*** Available records ***
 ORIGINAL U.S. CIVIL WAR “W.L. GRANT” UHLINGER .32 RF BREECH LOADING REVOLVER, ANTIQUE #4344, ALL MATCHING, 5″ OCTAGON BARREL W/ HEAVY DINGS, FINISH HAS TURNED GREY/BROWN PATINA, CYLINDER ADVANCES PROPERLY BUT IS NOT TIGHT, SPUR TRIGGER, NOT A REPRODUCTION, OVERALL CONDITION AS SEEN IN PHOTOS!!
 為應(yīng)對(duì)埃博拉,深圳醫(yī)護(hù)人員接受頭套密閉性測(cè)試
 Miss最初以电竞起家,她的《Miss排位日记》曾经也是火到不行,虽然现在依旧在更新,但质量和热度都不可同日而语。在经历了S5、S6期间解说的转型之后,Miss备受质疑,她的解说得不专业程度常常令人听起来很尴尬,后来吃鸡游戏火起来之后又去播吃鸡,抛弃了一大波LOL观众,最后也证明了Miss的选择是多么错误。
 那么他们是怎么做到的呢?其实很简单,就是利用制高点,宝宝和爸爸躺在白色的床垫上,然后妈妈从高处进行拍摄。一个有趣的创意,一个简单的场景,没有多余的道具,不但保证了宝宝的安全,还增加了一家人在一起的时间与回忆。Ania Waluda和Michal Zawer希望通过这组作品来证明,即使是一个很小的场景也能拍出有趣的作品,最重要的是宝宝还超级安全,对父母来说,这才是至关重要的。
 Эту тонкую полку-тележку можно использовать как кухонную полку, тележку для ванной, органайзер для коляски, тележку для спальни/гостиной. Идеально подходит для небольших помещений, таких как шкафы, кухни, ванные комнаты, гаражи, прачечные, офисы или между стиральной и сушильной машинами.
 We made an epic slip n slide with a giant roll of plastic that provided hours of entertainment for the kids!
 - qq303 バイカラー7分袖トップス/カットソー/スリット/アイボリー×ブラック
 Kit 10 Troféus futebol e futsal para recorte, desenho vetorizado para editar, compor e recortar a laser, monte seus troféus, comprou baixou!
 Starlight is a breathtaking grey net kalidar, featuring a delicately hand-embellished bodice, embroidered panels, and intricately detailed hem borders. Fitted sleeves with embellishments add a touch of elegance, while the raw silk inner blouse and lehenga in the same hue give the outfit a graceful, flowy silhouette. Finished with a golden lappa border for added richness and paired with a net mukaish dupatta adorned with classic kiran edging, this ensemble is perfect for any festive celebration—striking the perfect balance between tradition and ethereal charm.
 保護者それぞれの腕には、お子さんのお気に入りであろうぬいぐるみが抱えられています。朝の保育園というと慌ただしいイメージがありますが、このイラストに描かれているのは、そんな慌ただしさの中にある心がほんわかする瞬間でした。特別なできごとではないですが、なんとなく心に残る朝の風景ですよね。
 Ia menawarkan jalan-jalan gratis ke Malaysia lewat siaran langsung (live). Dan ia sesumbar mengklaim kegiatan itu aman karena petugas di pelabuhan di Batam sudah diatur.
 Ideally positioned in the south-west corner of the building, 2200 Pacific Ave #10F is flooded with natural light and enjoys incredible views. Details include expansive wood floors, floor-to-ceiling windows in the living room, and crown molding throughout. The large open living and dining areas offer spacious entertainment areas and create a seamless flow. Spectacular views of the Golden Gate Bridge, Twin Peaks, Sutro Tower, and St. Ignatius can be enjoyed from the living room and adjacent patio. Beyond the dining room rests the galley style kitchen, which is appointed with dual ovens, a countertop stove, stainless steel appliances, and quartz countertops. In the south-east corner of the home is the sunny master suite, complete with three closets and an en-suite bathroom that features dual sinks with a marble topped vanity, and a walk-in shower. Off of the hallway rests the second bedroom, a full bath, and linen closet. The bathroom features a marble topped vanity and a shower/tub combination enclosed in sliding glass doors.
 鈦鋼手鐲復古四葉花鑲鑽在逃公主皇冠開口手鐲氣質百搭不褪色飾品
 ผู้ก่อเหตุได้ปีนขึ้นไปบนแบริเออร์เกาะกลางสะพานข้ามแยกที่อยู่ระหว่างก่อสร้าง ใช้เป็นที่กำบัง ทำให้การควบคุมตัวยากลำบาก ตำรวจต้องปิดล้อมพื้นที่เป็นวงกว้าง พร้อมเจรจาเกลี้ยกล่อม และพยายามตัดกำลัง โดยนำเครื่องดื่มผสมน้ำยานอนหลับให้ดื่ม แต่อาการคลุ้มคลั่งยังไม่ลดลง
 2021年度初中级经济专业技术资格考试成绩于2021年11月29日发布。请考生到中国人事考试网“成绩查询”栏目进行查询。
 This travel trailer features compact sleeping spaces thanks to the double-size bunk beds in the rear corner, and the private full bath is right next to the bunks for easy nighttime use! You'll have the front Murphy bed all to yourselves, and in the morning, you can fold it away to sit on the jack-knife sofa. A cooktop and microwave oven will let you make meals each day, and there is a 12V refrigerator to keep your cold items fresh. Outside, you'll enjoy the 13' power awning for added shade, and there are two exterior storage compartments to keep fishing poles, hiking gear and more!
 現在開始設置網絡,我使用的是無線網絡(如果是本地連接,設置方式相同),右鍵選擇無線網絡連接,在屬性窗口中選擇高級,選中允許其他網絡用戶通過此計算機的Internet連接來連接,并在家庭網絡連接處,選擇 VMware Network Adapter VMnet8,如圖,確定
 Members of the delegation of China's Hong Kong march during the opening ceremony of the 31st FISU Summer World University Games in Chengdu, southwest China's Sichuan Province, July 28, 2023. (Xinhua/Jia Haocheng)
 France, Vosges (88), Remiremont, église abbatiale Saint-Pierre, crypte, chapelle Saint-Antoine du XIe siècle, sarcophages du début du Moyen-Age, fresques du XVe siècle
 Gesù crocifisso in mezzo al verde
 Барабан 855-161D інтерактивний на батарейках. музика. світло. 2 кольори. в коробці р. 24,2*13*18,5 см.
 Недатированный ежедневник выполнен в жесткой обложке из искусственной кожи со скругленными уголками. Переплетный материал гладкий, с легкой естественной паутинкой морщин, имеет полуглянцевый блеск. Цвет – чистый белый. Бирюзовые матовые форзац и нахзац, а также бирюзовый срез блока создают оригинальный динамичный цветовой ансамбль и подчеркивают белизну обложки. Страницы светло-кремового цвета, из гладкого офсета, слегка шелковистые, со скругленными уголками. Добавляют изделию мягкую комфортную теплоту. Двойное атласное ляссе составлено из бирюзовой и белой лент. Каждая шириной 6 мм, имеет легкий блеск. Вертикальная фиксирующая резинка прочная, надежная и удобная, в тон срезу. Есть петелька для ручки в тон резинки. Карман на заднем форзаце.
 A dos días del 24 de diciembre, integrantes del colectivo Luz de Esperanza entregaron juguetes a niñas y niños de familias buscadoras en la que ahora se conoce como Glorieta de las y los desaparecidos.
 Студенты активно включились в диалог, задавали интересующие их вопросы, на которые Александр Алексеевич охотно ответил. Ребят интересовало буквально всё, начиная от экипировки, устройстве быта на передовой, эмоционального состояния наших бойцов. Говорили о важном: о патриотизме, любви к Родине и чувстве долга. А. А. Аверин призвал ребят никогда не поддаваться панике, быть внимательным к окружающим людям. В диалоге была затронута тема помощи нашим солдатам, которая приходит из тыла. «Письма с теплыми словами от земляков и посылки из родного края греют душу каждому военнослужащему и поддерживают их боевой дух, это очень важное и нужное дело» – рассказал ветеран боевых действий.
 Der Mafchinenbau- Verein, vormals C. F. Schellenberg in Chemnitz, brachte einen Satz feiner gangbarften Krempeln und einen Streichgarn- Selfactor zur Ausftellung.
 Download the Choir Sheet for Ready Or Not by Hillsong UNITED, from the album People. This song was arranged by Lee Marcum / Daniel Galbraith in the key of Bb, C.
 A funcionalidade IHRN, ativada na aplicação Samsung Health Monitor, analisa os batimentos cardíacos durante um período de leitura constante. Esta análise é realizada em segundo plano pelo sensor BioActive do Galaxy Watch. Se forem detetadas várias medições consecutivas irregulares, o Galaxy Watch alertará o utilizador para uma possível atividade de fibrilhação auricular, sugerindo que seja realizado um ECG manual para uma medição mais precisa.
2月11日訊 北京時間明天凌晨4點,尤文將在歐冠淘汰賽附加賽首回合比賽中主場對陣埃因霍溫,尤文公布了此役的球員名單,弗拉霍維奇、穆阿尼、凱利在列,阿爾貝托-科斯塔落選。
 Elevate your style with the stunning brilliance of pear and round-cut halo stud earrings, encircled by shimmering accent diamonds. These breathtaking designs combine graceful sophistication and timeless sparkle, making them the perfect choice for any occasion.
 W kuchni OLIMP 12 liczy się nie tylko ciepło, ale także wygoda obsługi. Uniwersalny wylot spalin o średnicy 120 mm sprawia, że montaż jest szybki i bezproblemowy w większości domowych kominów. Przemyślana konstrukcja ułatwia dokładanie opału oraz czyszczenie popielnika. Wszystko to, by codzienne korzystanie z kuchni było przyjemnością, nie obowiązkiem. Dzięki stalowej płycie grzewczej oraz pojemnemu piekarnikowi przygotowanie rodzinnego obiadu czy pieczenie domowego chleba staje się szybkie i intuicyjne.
*** End of Available records ***
Task directions.
Repeat, word for word, every line from the line that contains "2月11日訊 北京時間明天凌" to the end of the entries; include both of those lines and no others.

Answer for this exercise.
2月11日訊 北京時間明天凌晨4點,尤文將在歐冠淘汰賽附加賽首回合比賽中主場對陣埃因霍溫,尤文公布了此役的球員名單,弗拉霍維奇、穆阿尼、凱利在列,阿爾貝托-科斯塔落選。
 Elevate your style with the stunning brilliance of pear and round-cut halo stud earrings, encircled by shimmering accent diamonds. These breathtaking designs combine graceful sophistication and timeless sparkle, making them the perfect choice for any occasion.
 W kuchni OLIMP 12 liczy się nie tylko ciepło, ale także wygoda obsługi. Uniwersalny wylot spalin o średnicy 120 mm sprawia, że montaż jest szybki i bezproblemowy w większości domowych kominów. Przemyślana konstrukcja ułatwia dokładanie opału oraz czyszczenie popielnika. Wszystko to, by codzienne korzystanie z kuchni było przyjemnością, nie obowiązkiem. Dzięki stalowej płycie grzewczej oraz pojemnemu piekarnikowi przygotowanie rodzinnego obiadu czy pieczenie domowego chleba staje się szybkie i intuicyjne.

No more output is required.